Our scriptures speak about the reality of God meeting us when we are empty and providing a transformation that is beyond us. The Jesus in Mark’s gospel who sacrificed his life was granted resurrection and a power over death and violence that nothing could take a way.
Some friends of mine, Jeff and Kristen Kidder, started a Christian community in Frogtown, a very impoverished section of St. Paul, after having gone to Haiti and experiencing such deep connection and nourishment with people there, fellow Christians who were in poverty, that they wanted to find some way to live out a solidarity with people in poverty here in the metro. So they moved to Frogtown with a few other friends and made a commitment not to work full time, so that they could have time to cultivate friendships in the neighborhood and support especially the kids who were in the neighborhood. Time and again the Kidders have run out of resources and have been in a bind. But they tell me that also, again and again, as they have sought to be faithful to their sense of God’s call in their life, God has granted them help when they most needed it and least expected it. There is a verse in 2 Corinthians that says God’s power is made perfect in human weakness, that God’s grace is enough for us. Indeed everything we have is granted by God in any case, but we tend to forget that the more power and possessions we have.

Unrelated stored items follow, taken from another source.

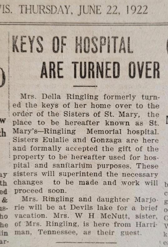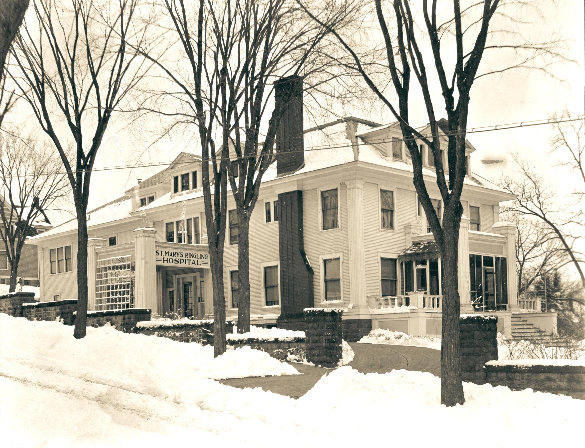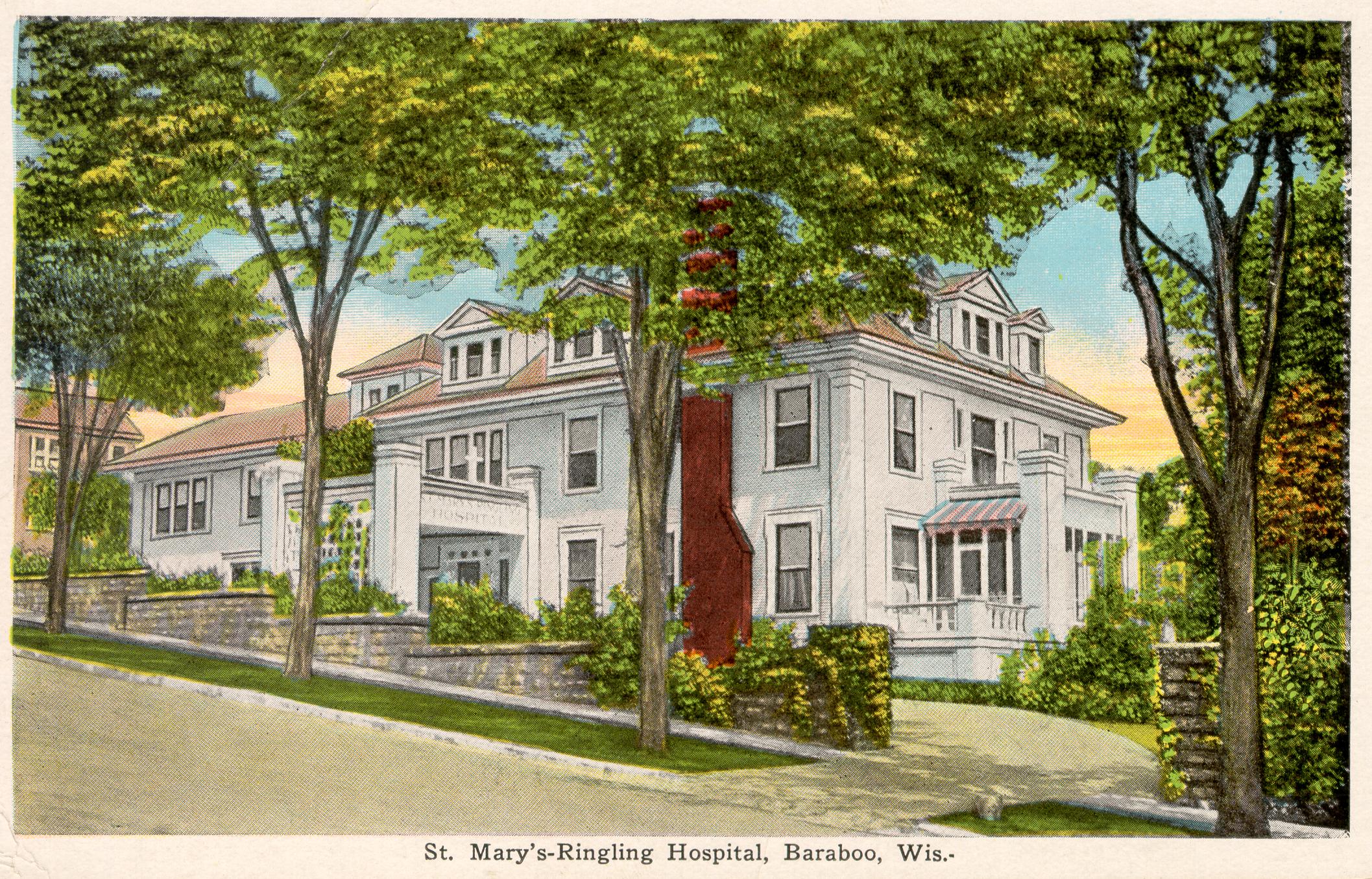 The Sisters of St.Mary in St. Louis began in November of 1872 when Mother Odilia Berger and four sisters arrived in St. Louis from Bavaria to begin their work caring for the sick. Their first hospital was dedicated in St. Louis in 1877. Over the next forty years four more hospitals were added in Missouri, one in Illinois and in 1912 St. Mary’s Hospital in Madison was established. No doubt the proximity of the Madison hospital had some influence on the decision of the Sisters to expand to Baraboo. The cachet of the Ringling name might also have helped.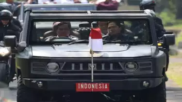 Malang, tvOnenews.com - Menteri Pertahanan Prabowo Subianto menyupiri kendaraan taktis (rantis) Maung 4x4 bersama Presiden Joko Widodo (Jokowi), Ibu Negara Iriana Jokowi, dan Menteri BUMN Erick Thohir saat meninjau gudang munisi milik PT Pindad di Turen, Malang, Jawa Timur, Senin (24/7/2023).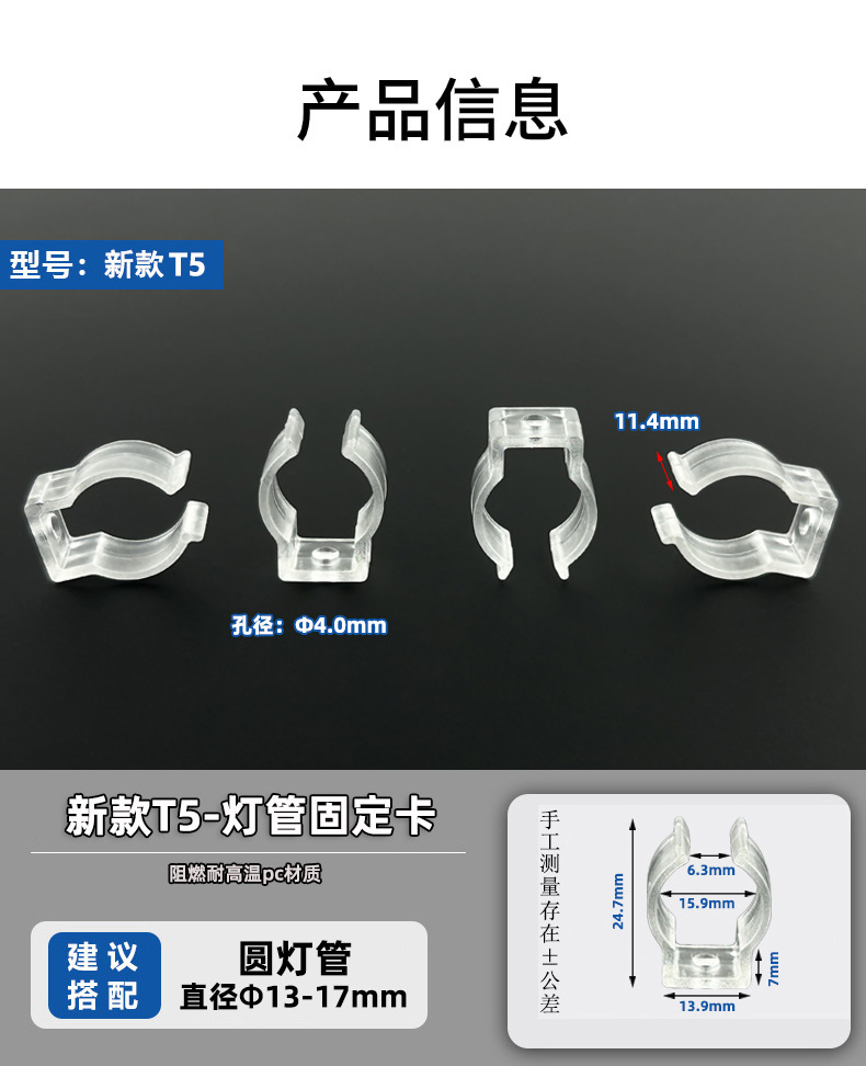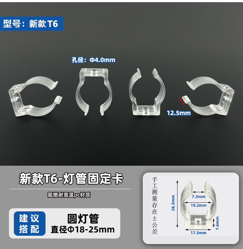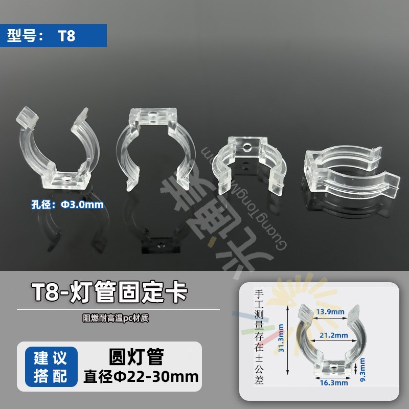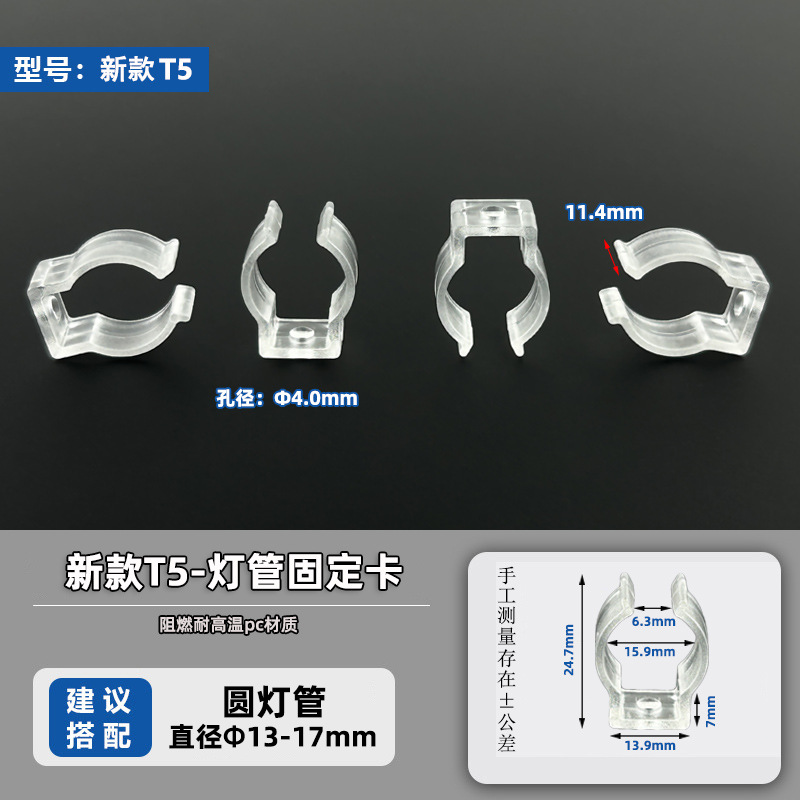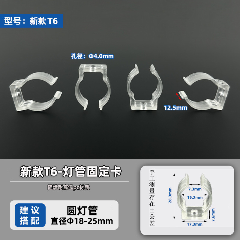 T5/T6/T8 пластиковый зажим для трубки, светодиодный круглый светильник, крепежный зажим для световой ленты, прозрачный водонепроницаемый U-образный зажим для крепления световой трубки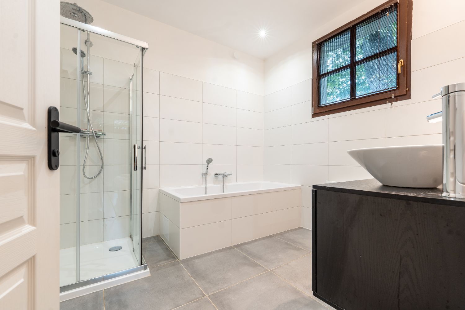 Voor ultiem comfort heeft de begane grond een ruime hoofdslaapkamer met een luxe en-suite badkamer die een bad, douchecabine en dubbele wastafel omvat. Boven vindt u drie extra slaapkamers. Een van deze heeft ook een en-suite badkamer met een bad, douche en dubbele wastafel, terwijl de andere twee slaapkamers een derde aparte badkamer delen met een douche en dubbele wastafel. Een tweede apart toilet is ook beschikbaar voor extra gemak.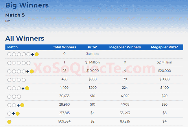 Trong phiên quay thưởng này có 1 người chơi đến từ New York thắng giải Nhất xổ số Mega Millions và nhận được phần thưởng $1 triệu USD. Cùng với đó là rất nhiều giải khác, có 25 người nhận giải Nhì từ xổ số Mega Millions. Cụ thể, có 19 người nhận được $10.000 tương đương hơn 230 triệu VNĐ; 4 người khác nhận được $20.000 nhờ có Megaplier 2X và 2 người California nhận được $14,957 theo quy định của bang này.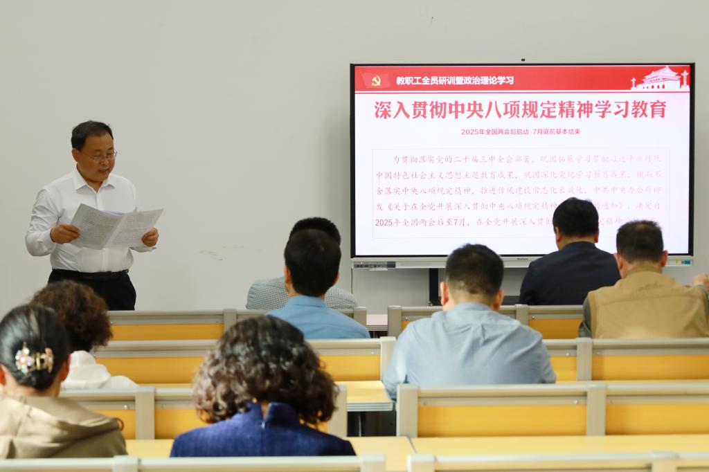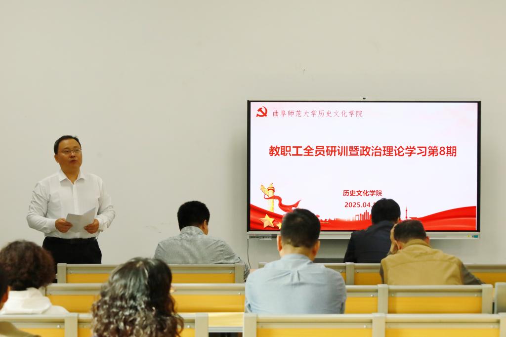 2025年4月16日下午,快猫视频 在孔子书院B106教室开展教职工全员研训暨政治理论学习第8期。活动由学院党委书记姜开勇主持,在校教师50余人参加。

I will be honest with you. When I learned last night that I needed to preach this morning, I felt a little like the widow from Sidon who was in possession of her last meal, who was then being asked to give some food to Elijah. But each of you have had situations like that, and each of us face moments in our lives every day when we have a choice between generosity and fear, a choice between being safe and taking risks in order to follow the way of Jesus. I’m not saying we shouldn’t have good boundaries.
We should. But our God meets us exactly where we don’t have what it takes, when we aren’t enough, when the best we can offer isn’t worth much in the way the world measures things. This week, I’d invite you to pay attention to where you come to the end of your resources, or to the end of your comfort zone, and ask, where is God in this? What is God asking me to do in this situation? How might God turn my small offering into life for others? Our God is able to work through us when we show up and offer who we really are, whether we give a penny or everything we have.